**What to do**
Could the lines from the top of the material to the line that contains "1. 在智能手機上的 Camera" be retyped exactly, both included and pictures omitted?

**Data to examine**
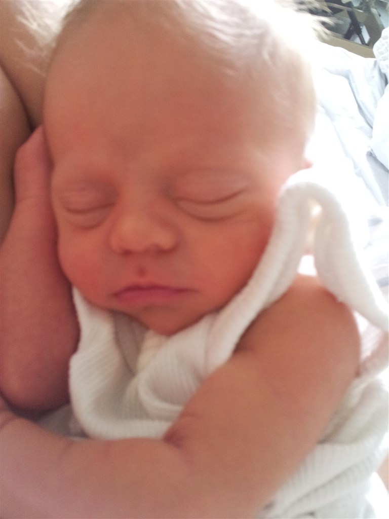 Jeg vågnede lørdag morgen og opdagede at mit trusseindlæg var fyldt med blod så jeg skyndte mig at ringe til fødegangen hvor de bad mig komme ind og blive checket... havde ingen smerter overhovedet hvilket nok var med til at jeg tog det forholdsvis roligt
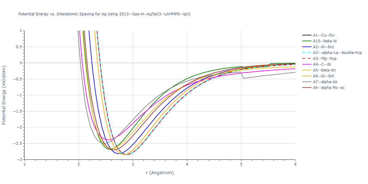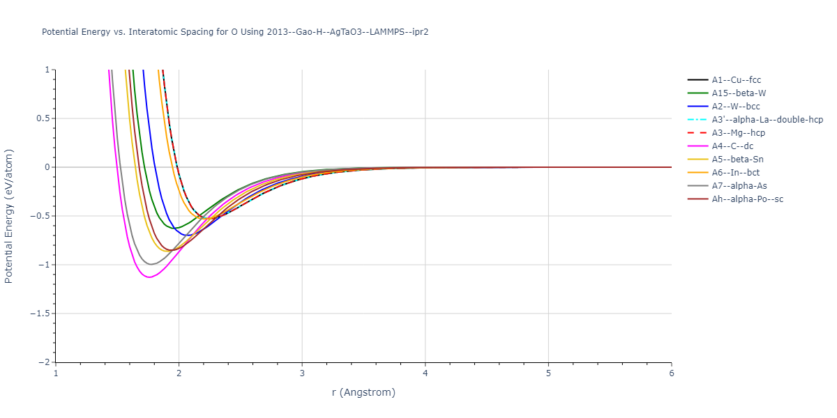 Plots of potential energy vs interatomic spacing, r, are shown below for a number of crystal structures. The structures are generated based on the ideal atomic positions and b/a and c/a lattice parameter ratios for a given crystal prototype. The size of the system is then uniformly scaled, and the energy calculated without relaxing the system. To obtain these plots, values of r are evaluated every 0.02 Å up to 6 Å.
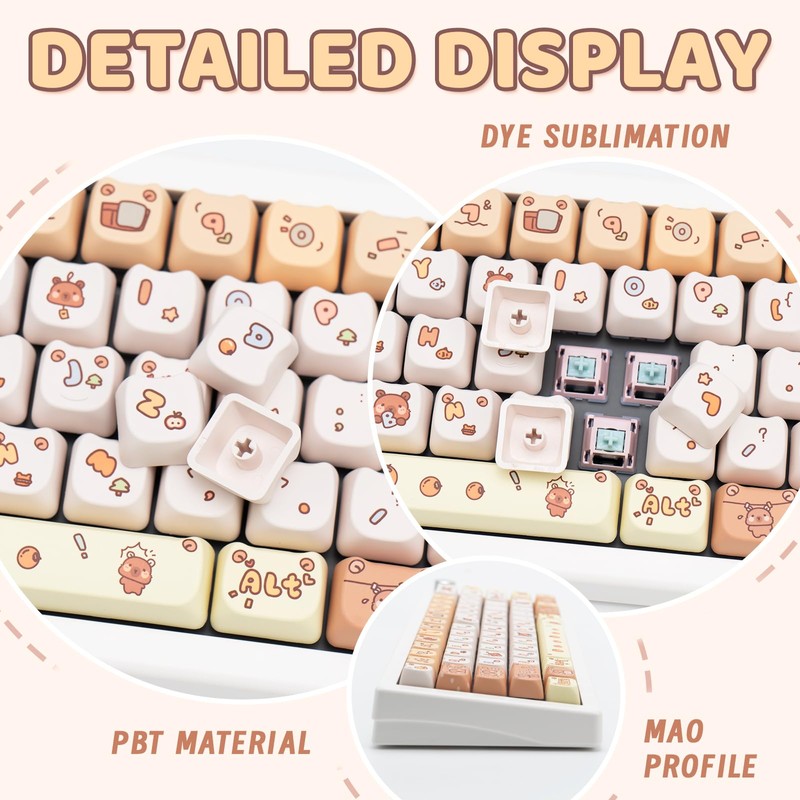 3.🧸【Durable PBT Material】With high-quality PBT material and an anti-grease coating, these keycaps provide top-notch durability and an excellent feel for your typing. less prone to grime buildup.
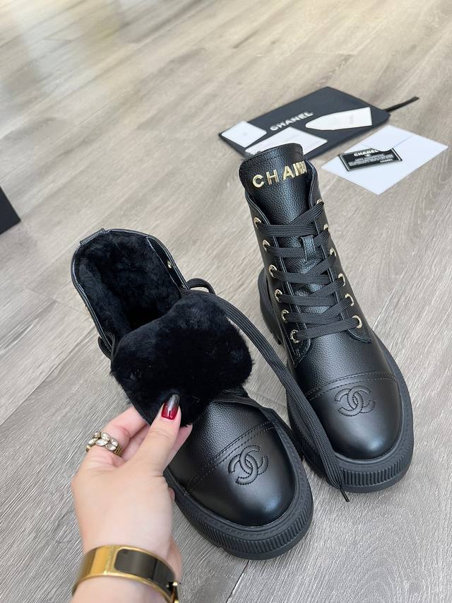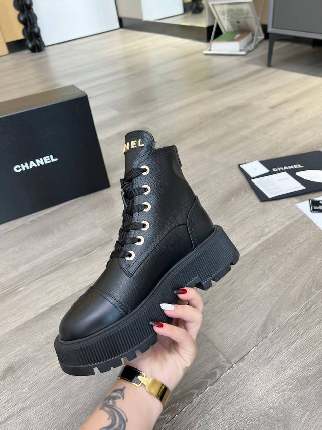 / 秋冬新款Chanel 香奈儿 踝靴原版开模 绑带设计穿脱超级方便,鞋头Logo电绣 鞋舌也是品牌Logo 面料:牛荔枝纹 内里 垫脚:真羊里 采用超轻橡胶防滑耐
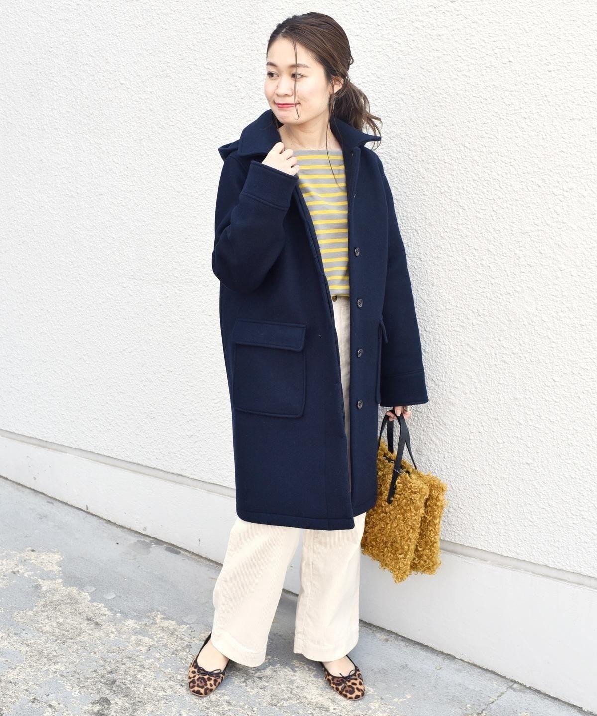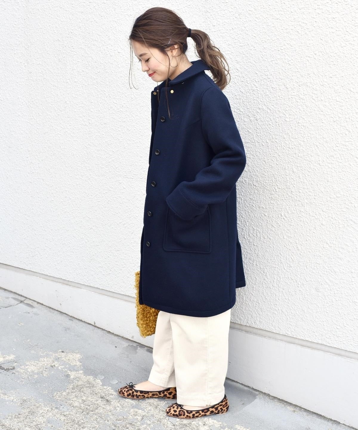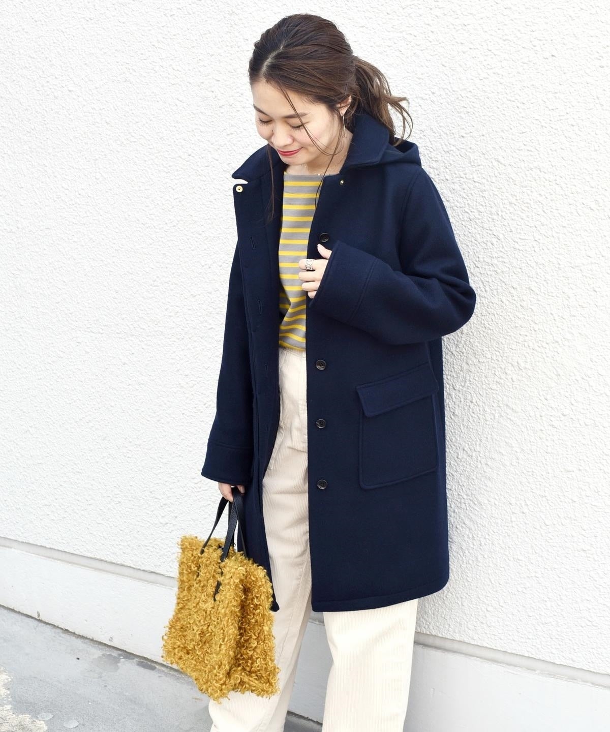 この冬重宝すること間違いなしのステンカラーコートが登場♪ほどよくハリのある生地を使用し、すっきりとしたシルエットが魅力的。着用するとさほど重さは感じず、デイリーに活躍してくれそう。大きめのパッチポケットがアクセントになり、カジュアルな印象に仕上がります。フードはボタンで簡単に取り外し可能なので、コーディネートに合わせて幅広く着こなせます。
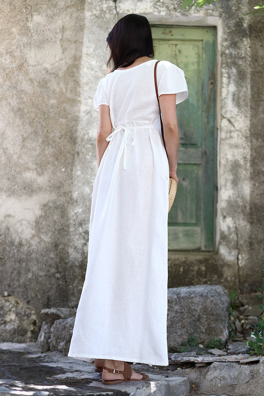 Lněné romantické maxi šaty
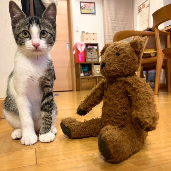 保護した日に我家にあったくまのぬいぐるみを兄弟と
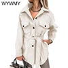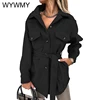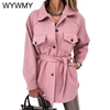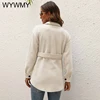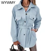 WYWMY Light Blue Woolen Coat Women Autumn Jacket Lapel Lace Up Wool Coat Female Elegant Medium Long Winter Overcoat for Women
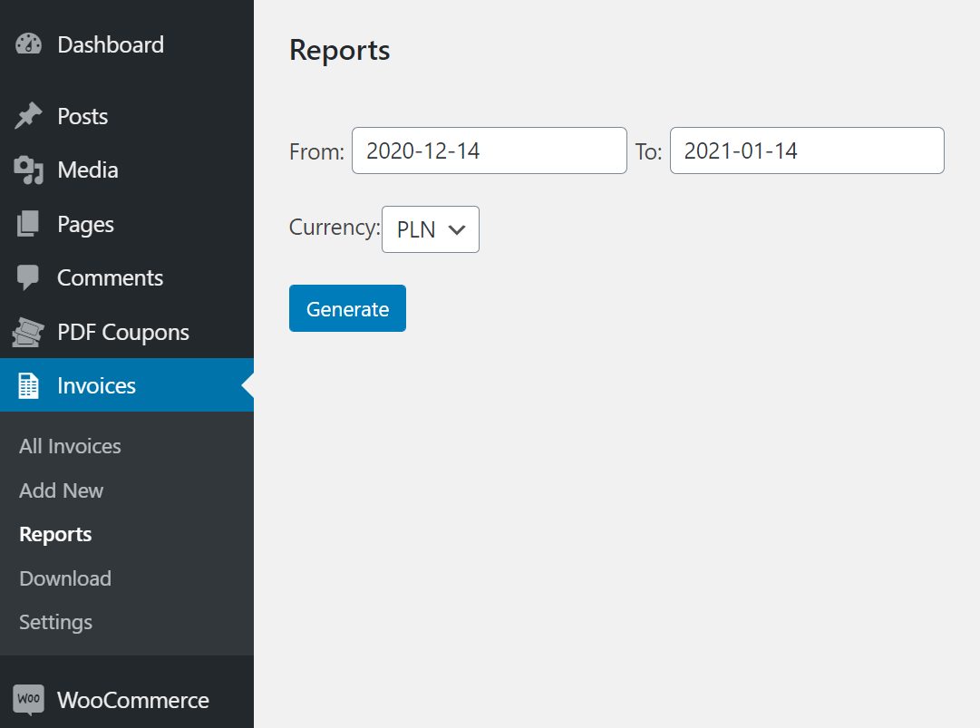 - Generate and download WooCommerce invoices in bulk by a date range,
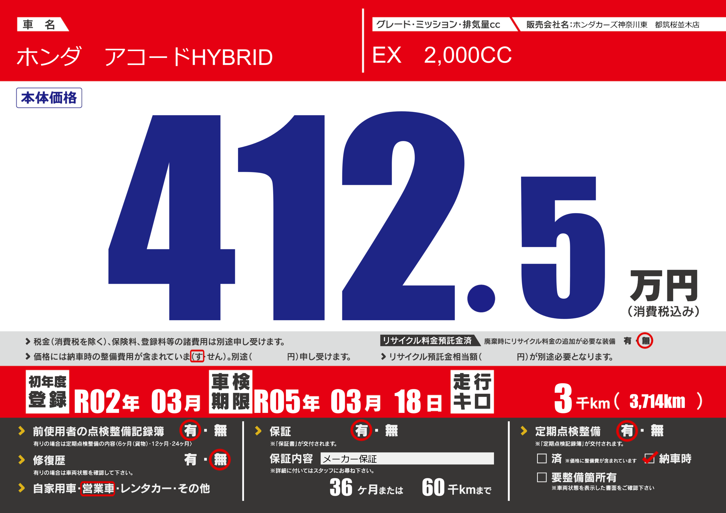 | 車名 | ホンダ アコードHYBRID | グレード ミッション 排気量 |
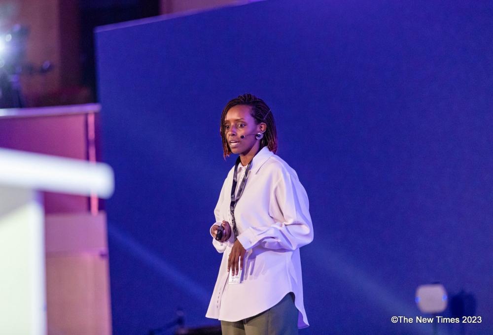 Cynthia Umutoniwabo pitching Loopa’s solution during Hanga Pitchfest 2023. Umutoniwabo said that Hanga Pitchfest played a role in fostering their connections with like-minded farmers and entrepreneurs
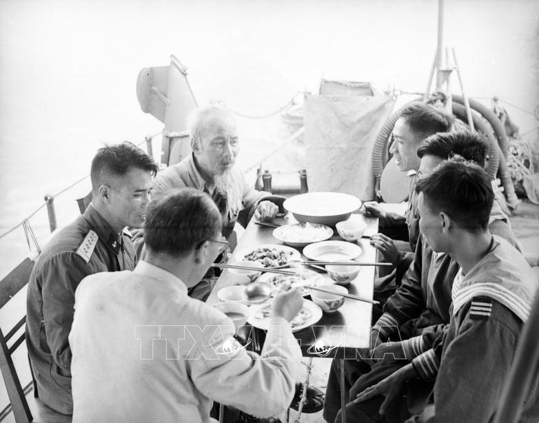 Chủ tịch Hồ Chí Minh đến thăm và cùng ăn cơm trên tàu với cán bộ, chiến sĩ bộ đội hải quân bảo vệ bờ biển Quảng Ninh (1965). Ảnh: TTXVN
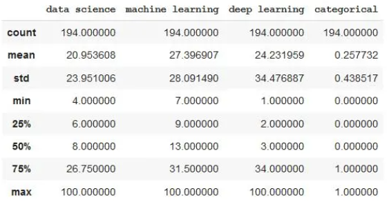 使用命令描述,我们将看到数据如何分布,最大值,最小值,均值……
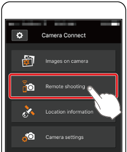 1. 在智能手機上的 Camera Connect 選單畫面上,選擇 [遙控拍攝 (Remote shooting)]。
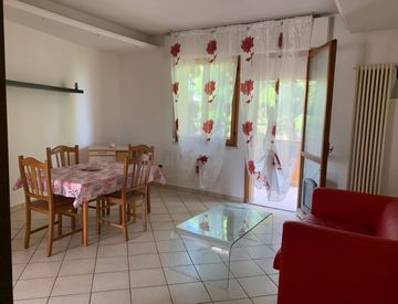 E' composto da ingresso su soggiorno, cucina a vista ampliata da una veranda, due camere da letto e un bagno. No ascensore
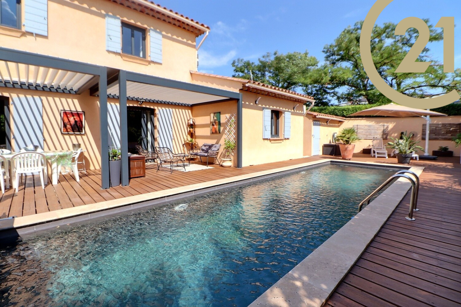 À l’extérieur, tout est pensé pour votre confort et vos loisirs : un garage, un carport, une piscine 10m x 2.80m pour profiter des beaux jours, ainsi qu’une pergola bioclimatique.
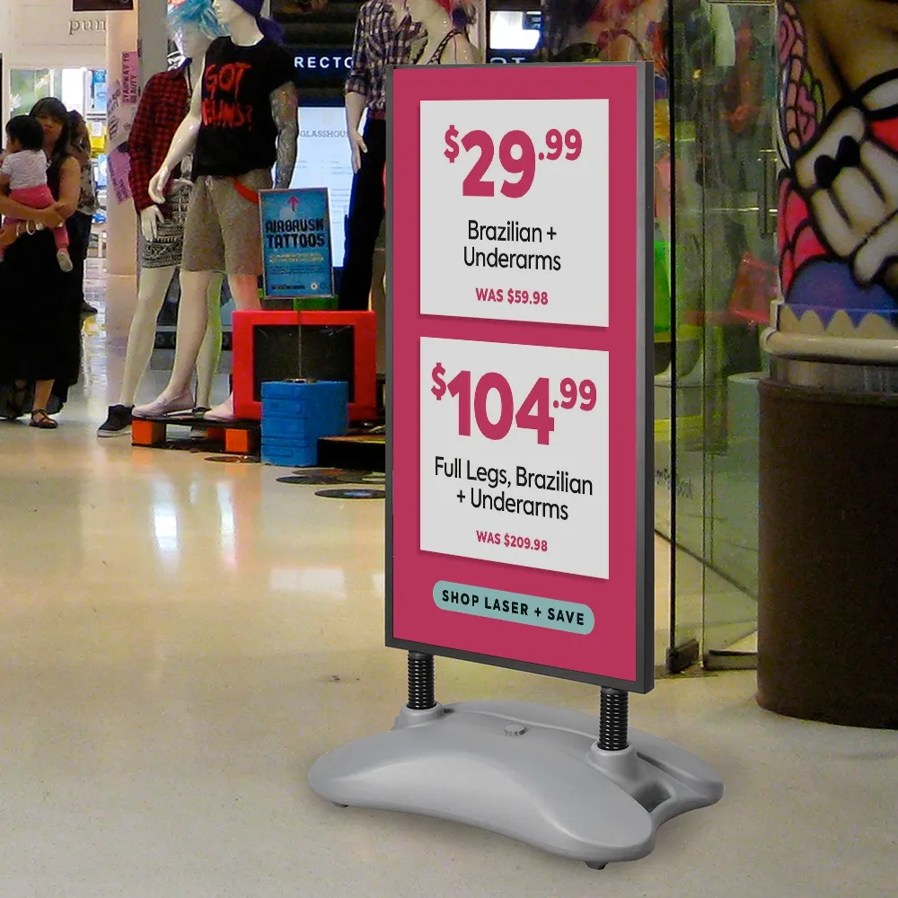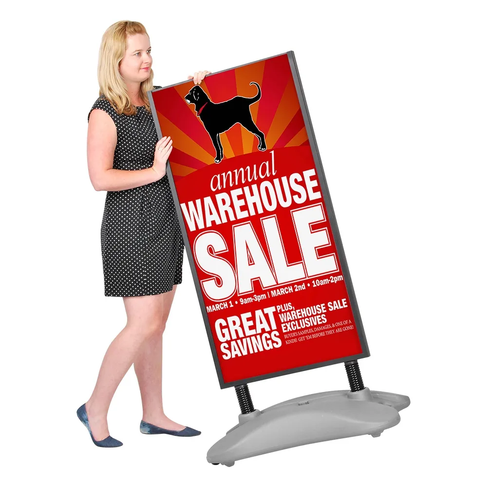- Springs on base of sign allow sidewalk signage to sway with wind to prevent being tipped over

**Result of the exercise**
 Jeg vågnede lørdag morgen og opdagede at mit trusseindlæg var fyldt med blod så jeg skyndte mig at ringe til fødegangen hvor de bad mig komme ind og blive checket... havde ingen smerter overhovedet hvilket nok var med til at jeg tog det forholdsvis roligt
 Plots of potential energy vs interatomic spacing, r, are shown below for a number of crystal structures. The structures are generated based on the ideal atomic positions and b/a and c/a lattice parameter ratios for a given crystal prototype. The size of the system is then uniformly scaled, and the energy calculated without relaxing the system. To obtain these plots, values of r are evaluated every 0.02 Å up to 6 Å.
 3.🧸【Durable PBT Material】With high-quality PBT material and an anti-grease coating, these keycaps provide top-notch durability and an excellent feel for your typing. less prone to grime buildup.
 / 秋冬新款Chanel 香奈儿 踝靴原版开模 绑带设计穿脱超级方便,鞋头Logo电绣 鞋舌也是品牌Logo 面料:牛荔枝纹 内里 垫脚:真羊里 采用超轻橡胶防滑耐
 この冬重宝すること間違いなしのステンカラーコートが登場♪ほどよくハリのある生地を使用し、すっきりとしたシルエットが魅力的。着用するとさほど重さは感じず、デイリーに活躍してくれそう。大きめのパッチポケットがアクセントになり、カジュアルな印象に仕上がります。フードはボタンで簡単に取り外し可能なので、コーディネートに合わせて幅広く着こなせます。
 Lněné romantické maxi šaty
 保護した日に我家にあったくまのぬいぐるみを兄弟と
 WYWMY Light Blue Woolen Coat Women Autumn Jacket Lapel Lace Up Wool Coat Female Elegant Medium Long Winter Overcoat for Women
 - Generate and download WooCommerce invoices in bulk by a date range,
 | 車名 | ホンダ アコードHYBRID | グレード ミッション 排気量 |
 Cynthia Umutoniwabo pitching Loopa’s solution during Hanga Pitchfest 2023. Umutoniwabo said that Hanga Pitchfest played a role in fostering their connections with like-minded farmers and entrepreneurs
 Chủ tịch Hồ Chí Minh đến thăm và cùng ăn cơm trên tàu với cán bộ, chiến sĩ bộ đội hải quân bảo vệ bờ biển Quảng Ninh (1965). Ảnh: TTXVN
 使用命令描述,我们将看到数据如何分布,最大值,最小值,均值……
 1. 在智能手機上的 Camera Connect 選單畫面上,選擇 [遙控拍攝 (Remote shooting)]。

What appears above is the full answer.